**What you are asked to do**
The reply to the records below should contain exactly the lines from the line with "Гвоздика Супра (Dianthus" through the line with "Popping Color Puff See-through Knit Cardigan", and nothing besides.

**Records supplied**
******

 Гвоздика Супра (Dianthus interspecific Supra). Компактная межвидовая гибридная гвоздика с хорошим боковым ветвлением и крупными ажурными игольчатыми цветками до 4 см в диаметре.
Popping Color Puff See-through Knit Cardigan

******

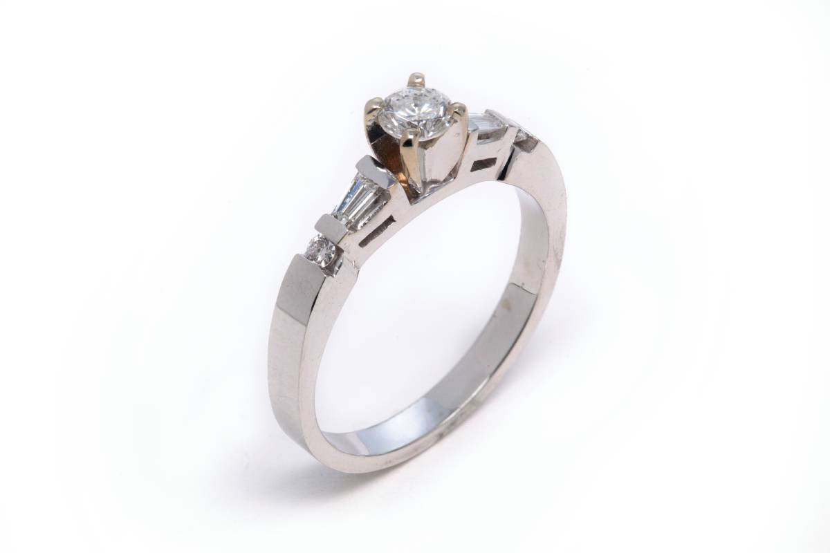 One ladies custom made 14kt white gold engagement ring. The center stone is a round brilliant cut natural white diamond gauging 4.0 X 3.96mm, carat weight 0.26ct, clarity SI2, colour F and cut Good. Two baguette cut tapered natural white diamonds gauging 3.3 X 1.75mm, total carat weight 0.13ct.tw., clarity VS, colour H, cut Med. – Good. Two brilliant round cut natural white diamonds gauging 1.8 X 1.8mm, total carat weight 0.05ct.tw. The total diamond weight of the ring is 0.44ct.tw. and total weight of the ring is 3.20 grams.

******

**Response**
 Гвоздика Супра (Dianthus interspecific Supra). Компактная межвидовая гибридная гвоздика с хорошим боковым ветвлением и крупными ажурными игольчатыми цветками до 4 см в диаметре.
Popping Color Puff See-through Knit Cardigan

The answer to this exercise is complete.